5. Nominate some hits. Time was, many best picture nominees were also bona fide hits. That makes for an engaging awards show, since a popular movie means more fans who may care enough to tune in and root for it. Over the last decade, voters’ preferences have favored artsy indie fare, and viewers have drifted away en masse. From its “Titanic” high of 57 million viewers in 1998, the Oscarscast has dwindled steadily, drawing just 42 million viewers in 2010 and 37 million last year. In each case, that’s 0.028 viewers for every box-office dollar earned by the combined best picture nominees. If that calculus holds true, this Oscar Sunday will attract just 17 million viewers, a ratings disaster.
That’s not to say that pandering to fan favorites guarantees high viewership. The People’s Choice Awards routinely rubber-stamps popularity rankings already available from Nielsen rankings, box-office reports and Billboard charts. Despite such no-duh decisions as Adam Sandler’s favorite-comic-film-actor prize, viewership for last month’s show fell to 9 million viewers, the second-lowest ever. But when movies combine artistic respectability and mass appeal, as the “Harry Potter” finale did, why shouldn’t Oscar voters throw their paying customers a bone?
6. Get a live-wire master of ceremonies. Is there a human being on the face of planet Earth who is excited at the prospect of watching an exhumed Billy Crystal scuttle through a musical number and spout godforsaken Bruce Vilanch one-liners?
Though the Golden Globes film nominees came from the same pool of little-seen movies as the Oscar contenders, January’s telecast drew 17 million viewers, just a tiny dip from 2011. The key factor was returning host Ricky Gervais, who turned the previous year’s event into a blisteringly funny celebrity roast, playing to the viewers, not the glitterati in the room.
The best opening monologue in Oscars history was Chris Rock’s 2005 performance, as he tore into Michael Moore, Morgan Freeman, Sylvester Stallone and George Bush. Wouldn’t you cancel your Sunday night plans to watch Sarah Silverman or Stephen Colbert go all catty on the crowd at the Kodak Theatre?

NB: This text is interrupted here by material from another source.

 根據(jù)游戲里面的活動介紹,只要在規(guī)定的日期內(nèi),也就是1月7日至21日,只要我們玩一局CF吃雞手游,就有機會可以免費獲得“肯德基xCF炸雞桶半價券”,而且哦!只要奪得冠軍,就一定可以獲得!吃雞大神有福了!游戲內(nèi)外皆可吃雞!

7. Include terrible movies on purpose. Not in the best picture competition — we’ve already been through that scenario with “Crash.” Open a new category in which the people who made the most unforgivable films of the year face off for a chance to apologize to moviegoers worldwide. Shouldn’t we hear some contrition from the people who gave us “Jack and Jill” or “Bucky Larson: Born to Be a Star” or “Zookeeper”? Oh wait, those were all Adam Sandler projects …

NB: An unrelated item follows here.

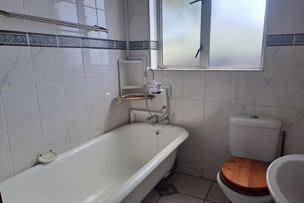 The bathroom comprises a bathtub, toilet, and basin.

8. No more opening envelopes. You would think an industry composed of storytellers would know this, but opening envelopes is not dramatic. Instead, make the voting process transparent and pick winners by applause-o-meter. That way we’ll get a sense of how much support there was for the runners-up. And we’ll find out if the nominees who “don’t really believe in competition between artists” applaud for themselves.
9. Rename the best-animated-feature prize the Pixar Award. Just go ahead and do it already.

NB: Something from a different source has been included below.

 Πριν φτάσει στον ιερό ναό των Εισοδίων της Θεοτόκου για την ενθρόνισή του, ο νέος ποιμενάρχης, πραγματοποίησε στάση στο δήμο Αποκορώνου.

10. Quit turning the stars into designer mannequins. Take away their stylists. We know from extensive research in Us magazine that left to their own devices, actors dress like complete idiots, or musicians. Stop providing them with conservative outfits in exchange for a red carpet plug, and maybe we’ll see more Bjork-style dead swan gowns. Let’s see Melissa Rivers deal with two hours of “Project Runway” nightmares.
11. Offer rebuttal time to losers. Wouldn’t you like to know what Helen Mirren and Meryl Streep were really thinking when Sandra Bullock won best actress in 2009 for “The Blind Side”?
12. Revamp the acting categories. The Globes break out comic performances from drama. The time has come for the Oscars to level the playing field with one category for actors playing characters with mental or physical impairments and one for everyone else. It’s only fair.